Posted in reply to Russel Winder

On Friday, 16 August 2013 at 12:18:49 UTC, Russel Winder wrote:
> On Fri, 2013-08-16 at 12:41 +0200, Paul Jurczak wrote:
> […]
> Today you have to download the kernel to the attached GPGPU over the
> bus. In the near future the GPGPU will exist in a single memory address
> space shared with all the CPUs. At this point separately downloadable
> kernels become a thing of the past, it becomes a compiler/loader issue
> to get things right.

I'm iffy on the assumption that the future holds unified memory for heterogeneous devices. Even relatively recent products such as the Intel Xeon Phi have totally separate memory. I'm not aware of any general-computation-oriented products that don't have separate memory.
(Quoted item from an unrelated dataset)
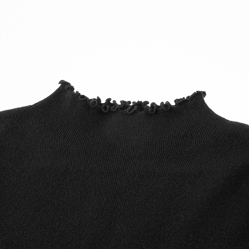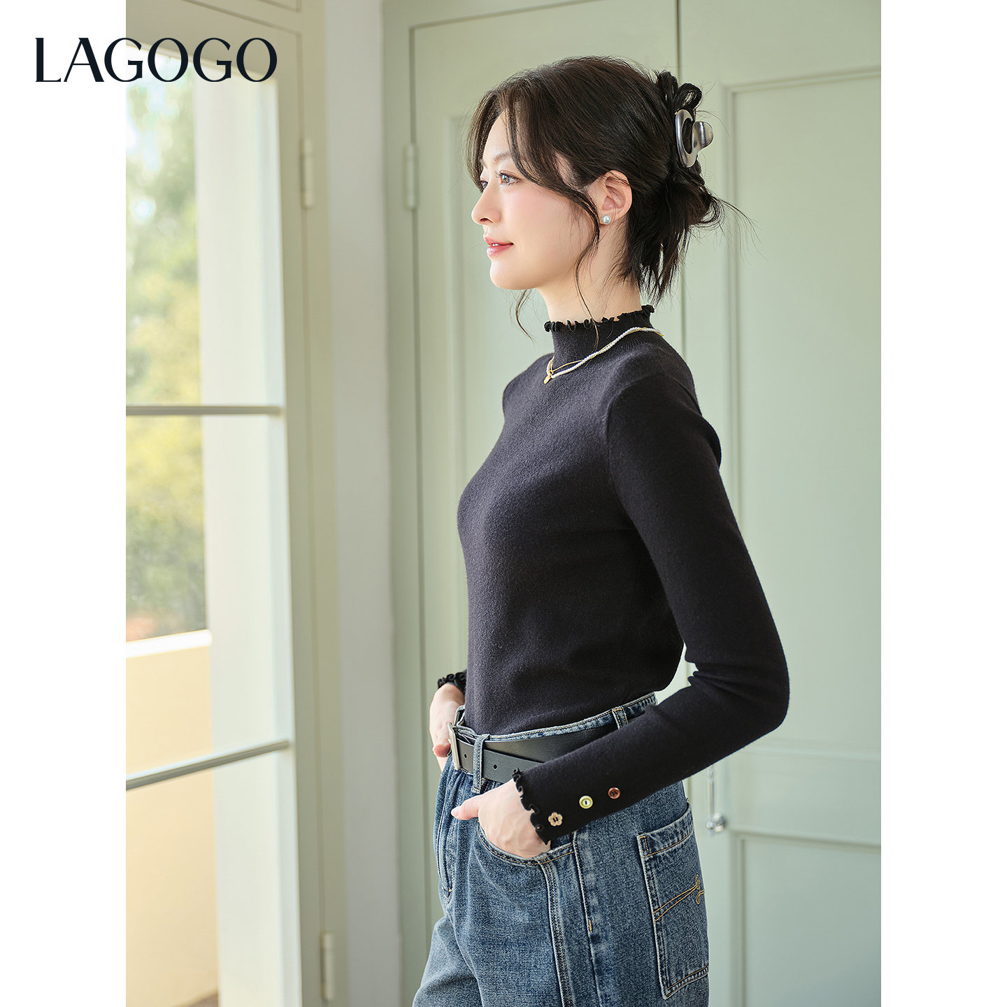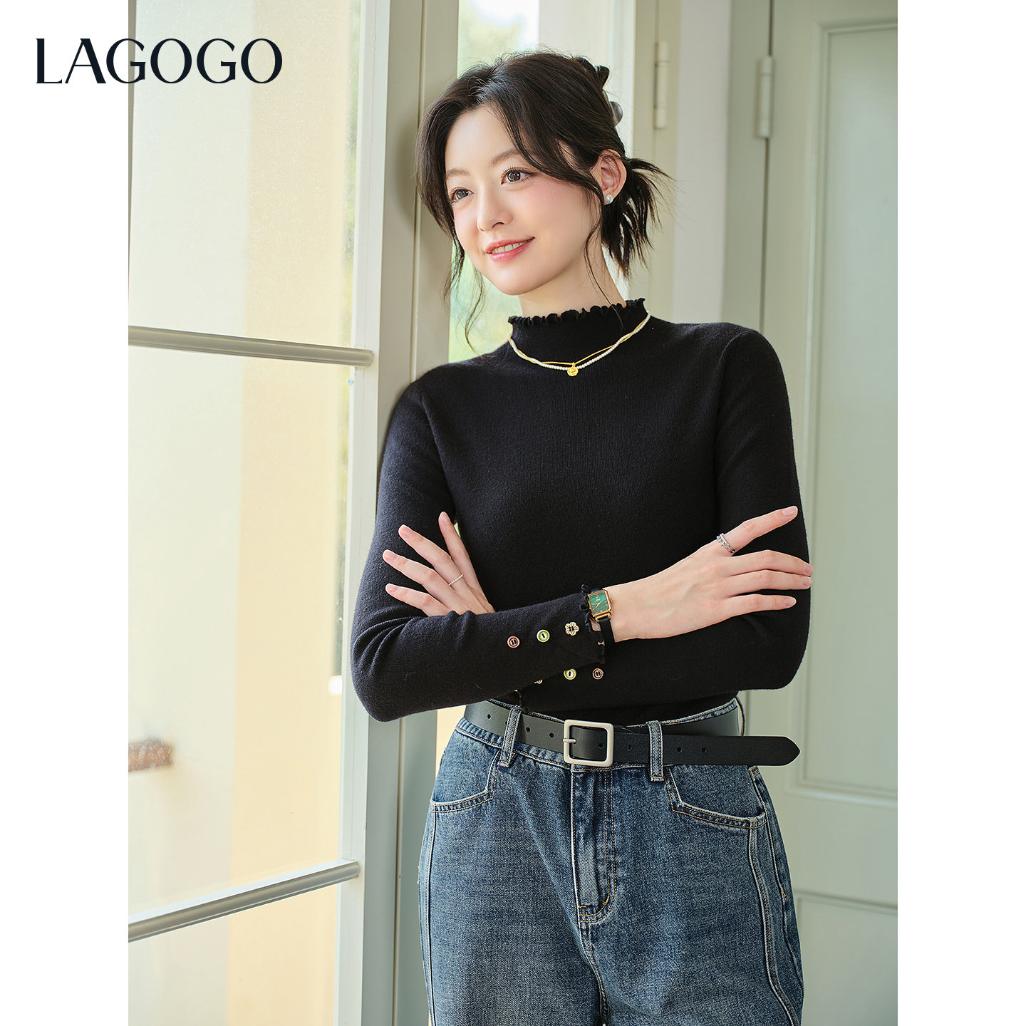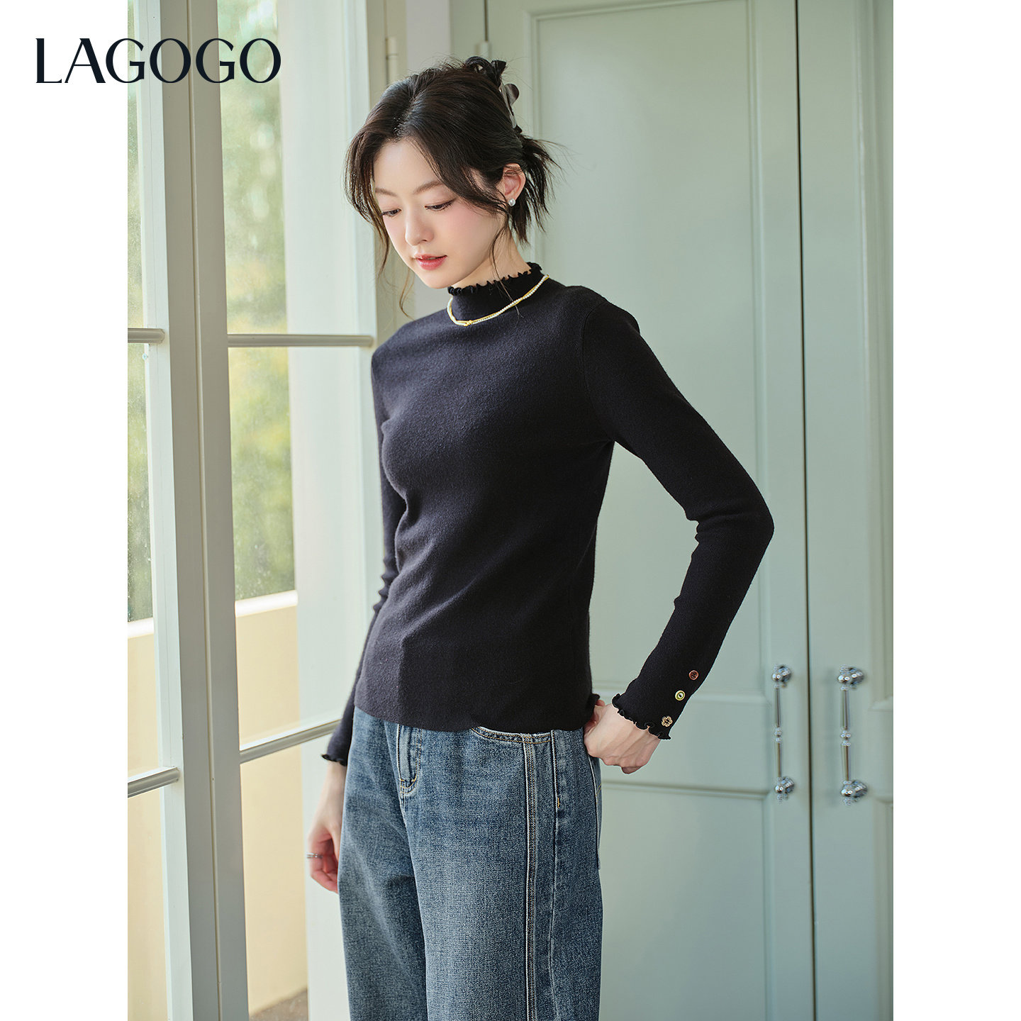 LAGOGO彩虹方糖木耳边黑色毛衣女拉谷谷2025冬新款百搭打底针织衫

I'm also of the opinion that as long as people want to have devices that can scale in size, there will be modular devices. Because they're modular, there's some sort of a spacing between them and the machine, ex. PCIe (and, somewhat importantly, a physical distance between the added device and the CPU-stuff). Because of that, they're likely to have their own memory. Therefore, I'm personally not willing to bank on anything short of targeting the least common denominator here (non-uniform access memory) specifically because it looks like a necessity for scaling a physical collection of heterogeneous devices up in size, which in turn I *think* is a necessity for people trying to deal with growing data sets in the real world.

Annnnnnnnnnnndddddd because heterogeneous compute devices aren't *just* GPUs (ex. Intel Xeon Phi), I'd strongly suggest picking a more general name, like 'accelerators' or 'apu' (except AMD totally ran away with that acronym in marketing and I sort of hate them for it) or '<something-I-can't-think-of-because-words-are-hard>'.

That said, I'm no expert, so go ahead and rip 'mah opinions apart. :-D

August 16, 2013

Posted by luminousone
in reply to Russel Winder

luminousone

Posted in reply to Russel Winder

> The core (!) point here is that processor chips are rapidly becoming a
> collection of heterogeneous cores. Any programming language that assumes
> a single CPU or a collection of homogeneous CPUs has built-in
> obsolescence.
>
> So the question I am interested in is whether D is the language that can
> allow me to express in a single codebase a program in which parts will
> be executed on one or more GPGPUs and parts on multiple CPUs. D has
> support for the latter, std.parallelism and std.concurrency.
>
> I guess my question is whether people are interested in std.gpgpu (or
> some more sane name).

CUDA, works as a preprocessor pass that generates c files from .cu extension files.

In effect, to create a sensible environment for microthreaded programming, they extend the language.

a basic CUDA function looking something like...

__global__ void add( float * a, float * b, float * c) {
   int i = threadIdx.x;
   c[i] = a[i] + b[i];
}

add<<< 1, 10 >>>( ptrA, ptrB, ptrC );

Their is the buildin variables to handle the index location threadIdx.x in the above example, this is something generated by the thread scheduler in the video card/apu device.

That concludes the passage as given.